Reputation: 398
I have a data set that has columns for number of units sold in a given month - the problem being that the monthly units columns are named in MM/yyyy format, meaning that I have 12 columns of units information per record.
So for instance, my data looks like:
ProductID | CustomerID | 04/2018 | 03/2018 | 02/2018 | FileDate |
a1032 | c1576 | 36 | 12 | 19 | 04/20/2018 |
What causes this to be problematic is that a new file comes in every month, with the same file name, but different column headers for the units information based on the last 12 months.
What I would like to do, is rename the monthly units columns to Month1, Month2, Month3... based on a simple regex such as ([0-9]*)/([0-9]*)
that will result in the output:
ProductID | CustomerID | Month1 | Month2 | Month3 | FileDate |
a1032 | c1576 | 36 | 12 | 19 | 04/20/2018 |
I know that this should be possible using Python, but as I have never used Python before (I am an old .Net developer) I honestly have no idea how to achieve this.
I have done a bit of research on renaming columns in Python, but none of them mentioned pattern matching to rename a column, eg:
df = df.rename(columns={'oldName1': 'newName1', 'oldName2': 'newName2'})

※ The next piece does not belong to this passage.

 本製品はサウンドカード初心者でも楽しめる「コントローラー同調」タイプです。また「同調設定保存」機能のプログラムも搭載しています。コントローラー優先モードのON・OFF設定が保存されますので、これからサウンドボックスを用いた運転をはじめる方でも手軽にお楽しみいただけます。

UPDATE: The data that I am showing in my example is only a subset of the columns; total, in my data set I have 120 columns, only 12 of which need to be renamed, this is why I thought that regex might be the simplest way to go.
Upvotes: 0
Views: 2050
Reputation: 383
Since rename
could take a function as a mapper, we could define a customized function which returns a new column name in the new format if the old column name matches regex; otherwise, returns the same column name. For example,
import re
def mapper(old_name):
match = re.match(r'([0-9]*)/([0-9]*)', old_name)
if match:
return 'Month{}'.format(int(match.group(1)))
return old_name
df = df.rename(columns=mapper)
Upvotes: 1
Reputation: 338
import re
# regex pattern
pattern = re.compile("([0-9]*)/([0-9]*)")
# get headers as list
headers = list(df)
# apply regex
months = 1
for index, header in enumerate(headers):
if pattern.match(header):
headers[index] = 'Month{}'.format(months)
months += 1
# set new list as column headers
df.columns = headers
Upvotes: 1
Reputation: 3591
If you have some set names that you want to convert to, then rather than using rename, it might easier to just pass a new list to the df.columns attribute
df.columns = ['ProductID','CustomerID']+['Month{}'.format(i) for i in range(12)]+['FileDate']

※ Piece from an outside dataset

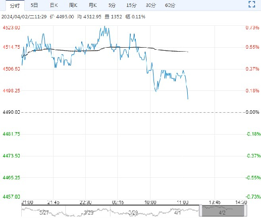 4月2日早盘,乙二醇主力合约小幅上涨,目前盘内报4495元,涨幅0.11%。国内供给收窄,而海外市场,装置负荷有所恢复,当前港口库存环比小幅回落至81万吨。聚酯高库存状态有所改善。乙二醇短期震荡反弹。关注海内外装置的变化。
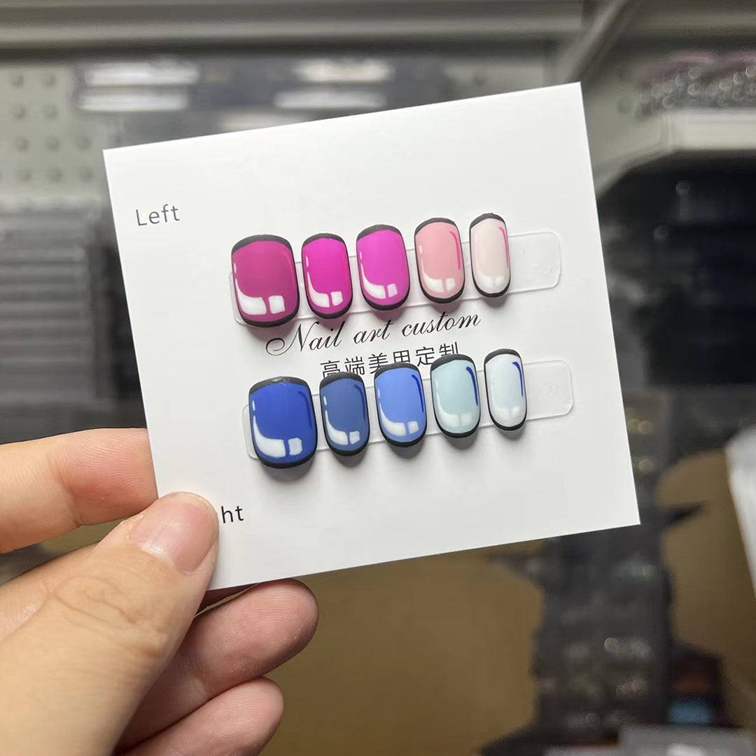 All nail orders come with 10 pcs of handmade press ons, 24pcs of sticker pads, 1 nail glue, 1 wood stick, 1 nail file, 1 alcohol prep pad.

If you want to use rename, if you can write a function find_new_name
that does the conversion you want for a single name, you can rename an entire list old_names
with
df.rename(columns = {oldname:find_new_name(old_name) for old_name in old_names})
Or if you have a function that takes a new name and figures out what old name corresponds to it, then it would be
df.rename(columns = {find_old_name(new_name):new_name for new_name in new_names})
You can also do
for new_name in new_names:
old_name = find_new_name(old_name)
df[new_name] = df[old_name]
This will copy the data into new columns with the new names rather than renaming, so you can then subset to just the columns you want.
Upvotes: 1